Apa yang diungkapkan oleh Profesor di atas dapat menyadarkan kita bahwa betapa pentingnya melakukan pola hidup sehat untuk memperpanjang usia hidup. Kadang-kadang yang paling sering kita dengar adalah setiap kematian selalu dikatakan takdir yang di atas. Kalau memang takdir kenapa kata takdir itu tidak pernah terucap sebelum kejadian? Tidakkah itu kalimat penghibur bagi orang-orang yang sulit mencari jawaban atas sebuah kenyataan. Banyak orang sudah jelas matinya akibat kesalahan manusia. Seperti mati kecelakaaan akibat kebut-kebitan di jalan dalam kondisi mabuk atau mati akibat kangker paru karena perokok berat, meninggal akibat penyakit lever karena saat muda sebagai peminum kelas berat. Atau mati karena AIDS akibat dari pergaulan bebas. Semua kematian di atas rasanya murni akibat gaya hidup yang keliru tidak sesuai dengan gaya hidup sehat. Jadi mati sebelum waktunya (mendahului umur harapan hidup) akibat dari terserang suatu penyakit adalah merupakan kesalahan manusia yang tidak bisa menerapkan pola hidup sehat.
Memang beberapa kejadian mungkin tidak disebabkan oleh orang bersangkutan seperti ditabarak, kena runtuhan rumah akibat gempa, atau tenggelam karena banjir bandang. Namun kalau kita kaji lebih mendalam semua itu akibat kesalahan manusia juga seperti lalai berkendaraan, membuat rumah yg tidak tahan gempa walaupun sudah tahu daerahnya termasuk radius beresiko gempa.

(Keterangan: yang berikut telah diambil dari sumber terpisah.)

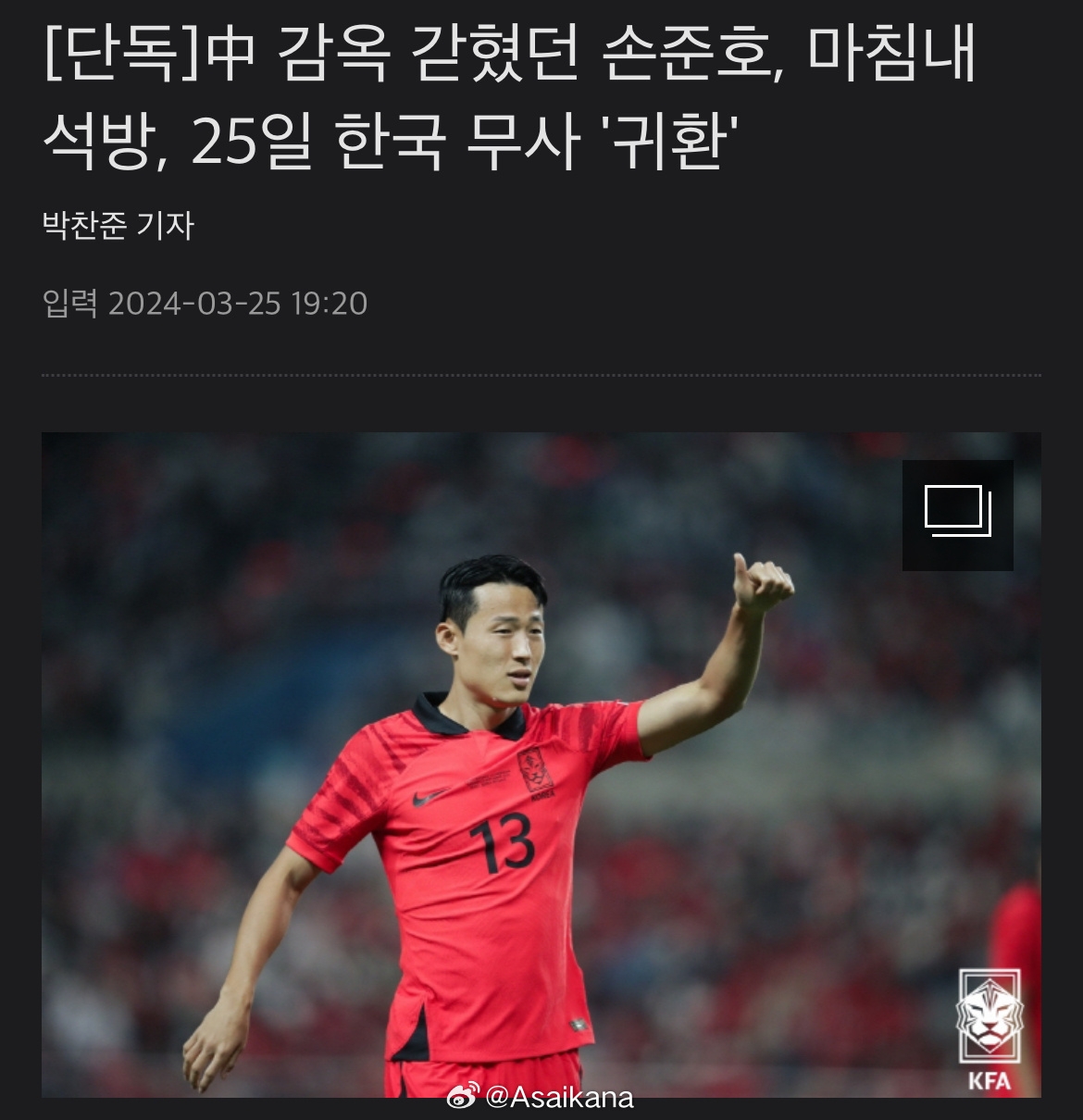 韩国媒体报道,此前在中国因非国家工作人员受贿罪被捕的韩国球员孙准浩已被释放,并于今日下午落地韩国。
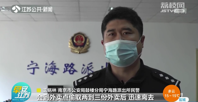 民警调阅监控发现这是一名戴帽子的男子所为,而且这已经不是他第一次顺手牵羊了:“该男子每晚18时到19时左右,会到外卖点偷取两到三份外卖后迅速离去。”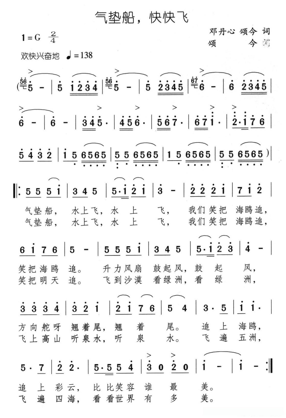 气垫船,快快飞(合唱)的简谱歌词气垫船,快快飞(合唱)的简谱歌词
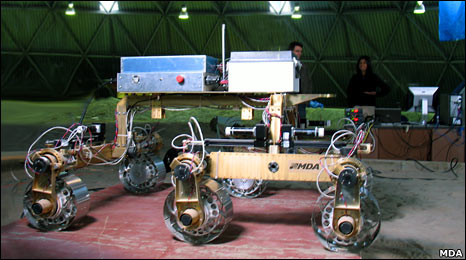 Начались испытания шасси для марсохода Exomars. На фото представлен вариант шасси от канадской фирмой MDA, известной своими разработками манипуляторов для МКС. Существует также европейский вариант шасси от немецкой фирмы "Эрликон",  окончательный выбор будет сделан к концу года (к совету министров ЕКА в ноябре-декабре). Ожидается, что в финальном варианте Exomars  будет иметь массу ~200 кг (у MER'ов - 185, у MSL - 800 кг) , нести до 10-20 кг научной аппаратуры и небольшой бур для исследования образцов на глубине до 2 м.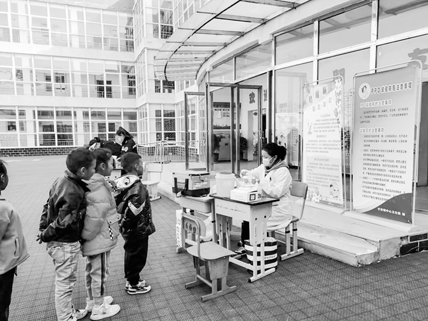 圖為醫(yī)護人員到學(xué)校開展預(yù)防接種工作。

Apalagi banjir itu jelas-jelas adalah akibat ulah manusia yang tidak bertanggung jawab menggunduli hutan. Meninggal akibat kesalahan orang lain juga merupakan mati karena kesalahan manusia yang tidak bertanggung jawab.
Nah kalau bisa hidup sampai mencapai umur harapan hidup (sesuai umur harapn hidup nasional) bahkan kalau bisa lebih, itu baru takdir karena matinya seiiring dengan kematian alami selnya tanpa ada rekayasa atau kelainan akibat ulah manusia. Perkembangan sel hormon pertumbungan berhenti sampai umur 20 tahun dan penurunan fungsi sel tubuh memang sudah dimulai sejak umur 30 tahun. Para ahli mengatakan bahwa kematian sel yang menyebabkan penurunan fungsi tubuh diperkirakan menurun satu persen per tahun. Jadi kalau orang sampai bisa mecapai umur 90 tahun itu berarti fungsi tubuhnya maksimal berfungsi lagi 40 persen. Karena fungsi tubuhnya secara normal sudah menururn sampai mencapai 60 persen dari fungsi sel saat masih muda. Orang-orang yang bisa mencapai umur lebih dari usia harapan hidup, pastilah hidupnya dengan gaya yang lebih sehat dibandingkan dengan mereka yang usianya di bawah umur harapan hidup. Gaya hidup sehat ini bersifat holistik atau menyeluruh. Hanya mereka yang selalu memelihara kesehatan fisik, mental dan spiritualah yang memungkinkan bisa melebihi rata-rata usia orang normal. Jadi bila mati kurang dari 90 tahun itu sebagian besar merupakan kesalahan manusia dan bila bisa lebih, itu merupakan kodrat alami panggilan Sang Pencipta. Sebelum saya menghakhiri perkennkan saya berdoa, "Semogakita pulang ke akhirat sesuai kodrat karena kelahiran kita berdasarkan kodrat pula!"